But the rest of us aren’t.
And now the council has inserted itself into the issue of cost overruns from the construction of Regions Field, the city’s new baseball park, which opened in 2013. The city’s failure to pay up has been one of the worst kept local “secrets” in recent memory (Weld first made note of it in April of last year), and at last the council decided to see whether they could do anything to make it worse.
In this much, they may have succeeded. Earlier this week, they held a meeting with representatives of the developers and construction companies that built the ballpark, to get more details about the debt, about which they say that Mayor Bell has been less than forthcoming with them, and discuss a settlement proposed by the mayor.
The problem is, it’s really none of their business — meaning not that they should not care about the city’s debts, but that the resolution of the issue (or the lack thereof) is an administrative matter, which according to the Mayor-Council Act of 1955, the governing document under which the City of Birmingham operates, is the sole purview of the mayor. The council can ask the mayor’s office about the dispute. If they are not happy with his responses, or with the proposed settlement, they can even, if they choose, use their subpoena power to conduct an investigation of the matter. What they cannot do is resolve it on their own.
To make matters worse, the council appears to have violated Alabama’s “sunshine” law regarding public meetings by conducting a closed-door session. In addition, as reported by Al.com’s Joseph Bryant, Council President Johnathan Austin forced the only representative of the mayor’s office present, chief of operations Jarvis Patton, to leave the meeting.
Let me say here that, having been in closed rooms with Patton myself during my time at City Hall, I can understand the desire to eject him. But that doesn’t make Austin’s action right, at least according to City Attorney Ralph Cook, who, Bryant reported, sent the council a memorandum to that effect, also stating his opinion that the meeting itself was improper.
The council’s attorney, Freddy Rubio, disagrees. If that surprises you, then you don’t know much about Birmingham politics.
Here, you might be questioning the need for the council to have its own attorney, when the City of Birmingham employs an entire department of lawyers to represent its interests. It’s a highly valid question, to which the answer is, there is no need — which is why the city managed to function for roughly 128 years absent such an arrangement.
For this one, however, you can’t blame the council for anything other than its lack of intellectual curiosity and its contentment with doing things the way they have been done since roughly October 1999, when one William Bell went back to being president of the city council, following three months as interim mayor and being defeated in his bid for a term in his own right.

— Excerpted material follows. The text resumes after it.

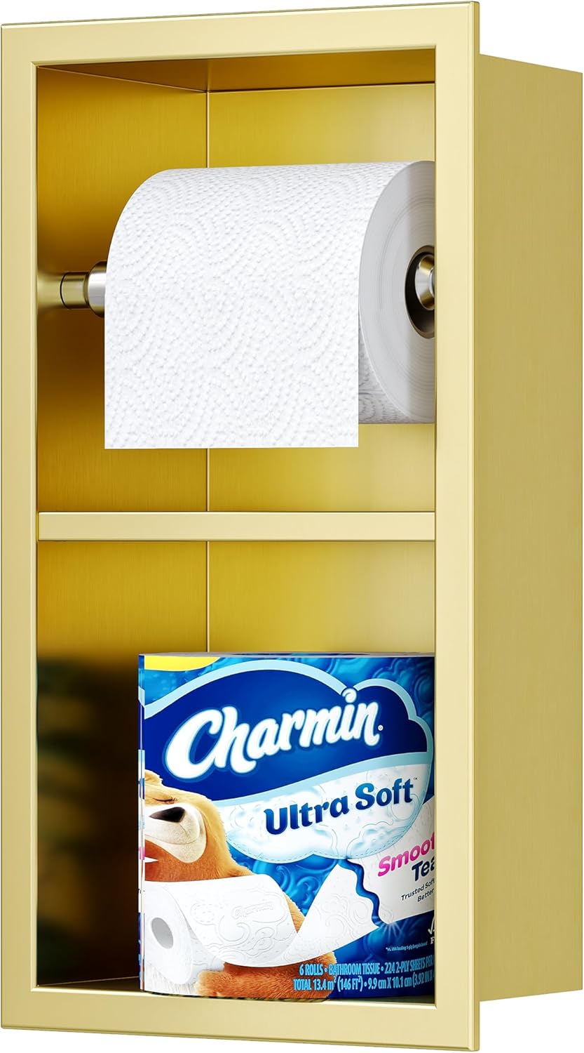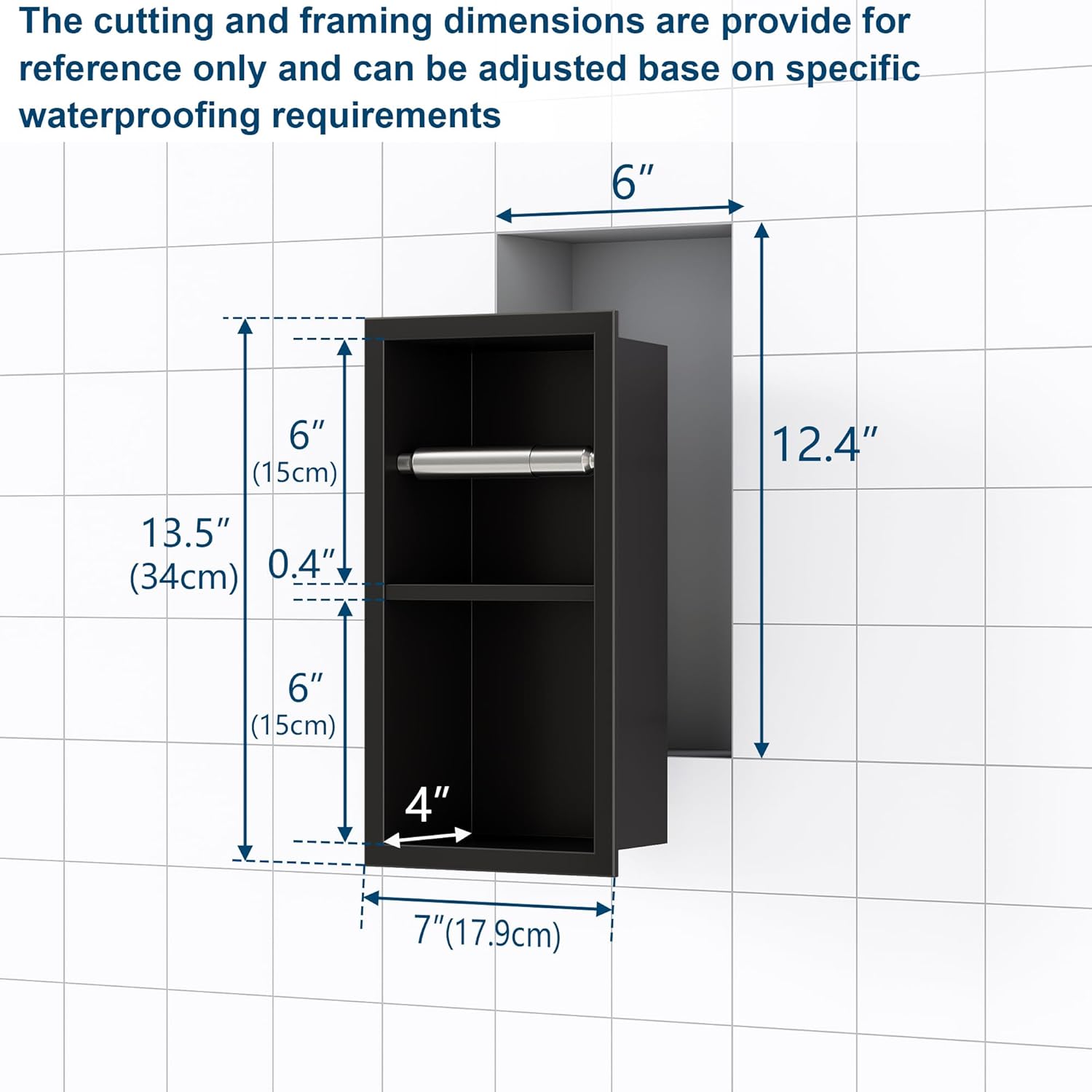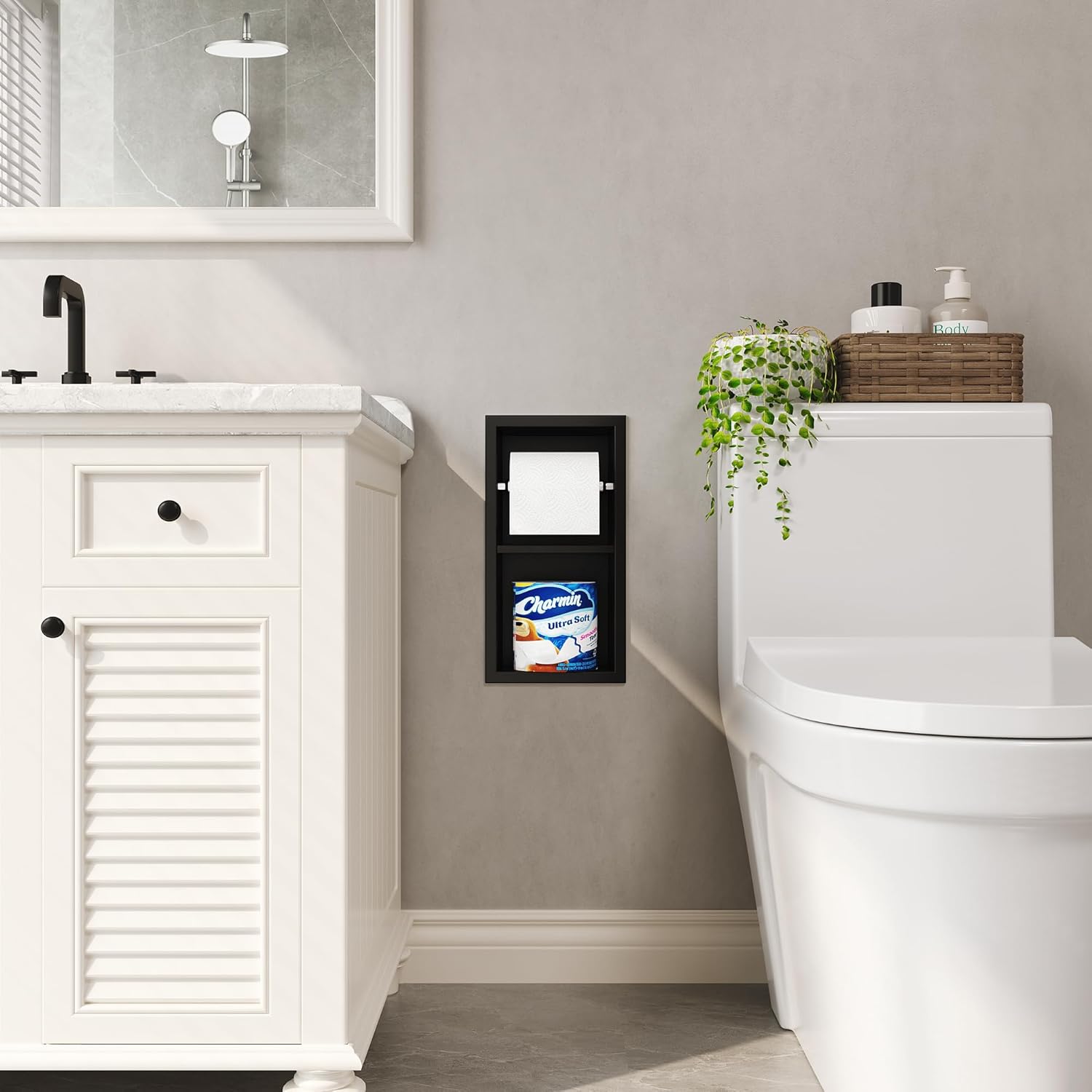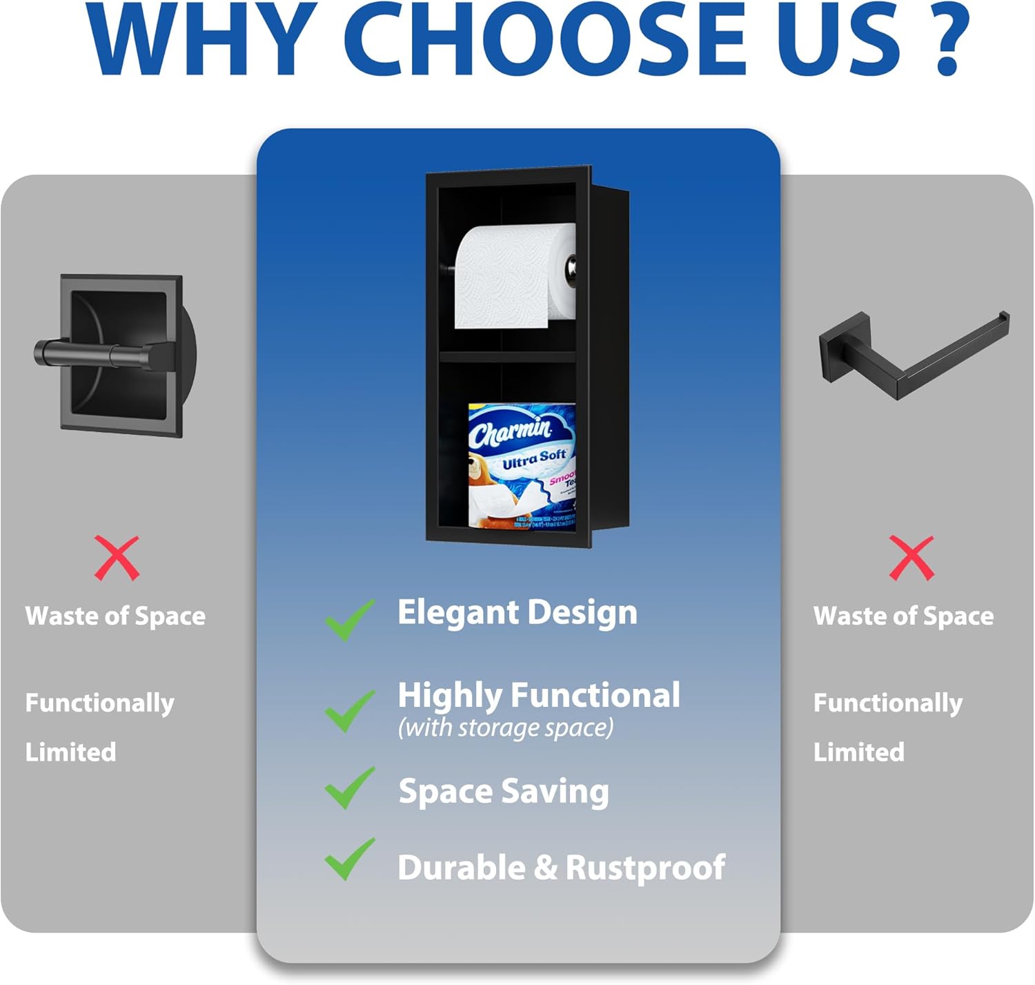 Recessed Toilet Paper Holder, 304 Stainless Steel Bathroom Toilet Paper Holder with Storage, in Wall Tissue Toilet Roll Holder, Matte Black

In one of his many fits of pique at being denied the mayor’s chair, Bell promptly appointed a separate attorney for the council — at that time, mostly to enable his transfer of control of the assets of the Birmingham Water Works from the city to the Water Works Board. He also ballooned the size of the council staff, in essence creating a shadow government to work against the city’s administrative branch, and generally created the current culture in which the council regards itself as some kind of royalty.
As his relations with the city council continue to deteriorate, then, Bell for the most part has only himself to blame for sowing the whirlwind of mediocrity, petty behavior and outright ineptitude that the council has become. Unfortunately, it’s the citizens of Birmingham who are reaping it.